When Xerxes was assassinated in 465 B.C. He was succeeded by his son Artaxerxes I, but several parts of the empire soon revolted, including Bactria and Egypt. Pharaoh Inaros II defeated Acharmenes, the Persian satrap of Egypt and sent his body to his brother, King Artaxerxes, as an admonition. Pharaoh Inaros II then took control of Lower Egypt and contacted the Greeks who were still officially at war with Persia, for support. Athens responded by sending 200 triremes and 600 troops and together they captured the city of Memphis.

According to the Greek historian Thucydides, Artaxerxes I at first sent his general Megabazus to try and bribe the Spartans into invading Attica, to draw off the Athenian forces from Egypt. When that failed, he placed Megabazus in charge of the army and sent him to Memphis to quell the revolt. Although exact numbers are unknown, Megabazus was most likely in charge of about 25,000 men supported by the Persian navy. Upon his arrival, the Egyptians and Greeks were quickly defeated. Pharaoh Inaros II was taken to Susa and most likely impaled for killing the king's brother.

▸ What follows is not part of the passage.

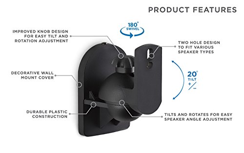 -. Binding : Electronics -. Brand : Mount-It! -. Color : Black -. Feature : Ideal for mounting home theater satellite speakers on walls or ceilings / Supports speakers weighing 10 pounds or less / Made of durable, weather resistant, injection molded fiber resin reinforced polymer / Multiple tilt and swivel pivot points allow perfect directional speaker aiming / Designed to fit all home theater satellite speakers with one threaded mounting hole, two threaded mounting holes or keyhole mounting systems -. Label : Mount-it -. Manufacturer : Mount-it -. Model : MISB292 -. MPN : MISB292 -. PackageQuantity : 1 -. PartNumber : MISB292 -. ProductGroup : Home -. ProductTypeName : AV_FURNITURE -. Publisher : Mount-it -. Studio : Mount-it -. Title : Mount-it 2 Black Universal Satellite Speaker Mounts / Brackets for Walls and Ceilings

Artaxerxes I introduced a new Persian strategy of weakening the Athenians by funding their enemies in Greece. This indirectly caused the Athenians to move the treasury of the Delian League from the Island of Delos to the Athenian Acropolis. This action, formed the end of the Greco-Persian Wars and, in the long run, led to the Peloponnesian War between Athens and Sparta, thus taking the heat off of the Persian Empire.

Artaxerxes I offered asylum to Themistocles, who was probably his father's greatest enemy after the Battle of Salamis. Themistocles was ostracized from Athens at the time and, with hopes of gaining inside information on the Greeks, Artaxerxes I made him governor of the district of Magnesia in Asia Minor where he was assigned the revenues of three cities. As might be expected, Artaxerxes I was elated that such a dangerous and illustrious foe had come to serve him. Themistocles would go on to learn and adopt Persian customs, Persian language, and tradition.

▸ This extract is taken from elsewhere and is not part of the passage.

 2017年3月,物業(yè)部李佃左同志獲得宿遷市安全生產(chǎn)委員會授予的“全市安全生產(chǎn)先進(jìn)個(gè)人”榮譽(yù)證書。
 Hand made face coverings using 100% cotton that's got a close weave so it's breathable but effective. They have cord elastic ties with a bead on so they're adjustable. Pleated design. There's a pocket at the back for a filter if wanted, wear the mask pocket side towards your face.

When Artaxerxes I died in 424 B.C. at Susa, his body was taken to the Naqsh-e Rustam Necropolis, to a tomb already built for him. It was Persian tradition that kings begin constructing their tombs while still alive. Here tombs had been constructed for Darius I and Xerxes, and after Artaxerxes I, another would be constructed for Darius II. These tombs, cut high into the cliff face, were about 12 km northeast of Persepolis. They would eventually be looted by Alexander the Great.

Artaxerxes I was immediately succeeded by his eldest son Xerxes II. However, after only 45 days on the throne, he was assassinated while drunk by his illegitimate brother, Sogdianus, who apparently gained support of his people. He reigned for six months and fifteen days before being captured by his half-brother, Ochus, who had rebelled against him. Sogdianus was executed by being 'suffocated in ash,' a method of execution most likely devised by Ochus, where a tower-room was filled with ash, into which the condemned person was plunged. Wheels were constantly turned, making the ash whirl about, and the person died by gradual suffocation as he inhaled the ash. The description can be found in Valerius Maximus and 2 Maccabees 13: 5-8. Ochus would later have three other subjects of his court executed in this same manner.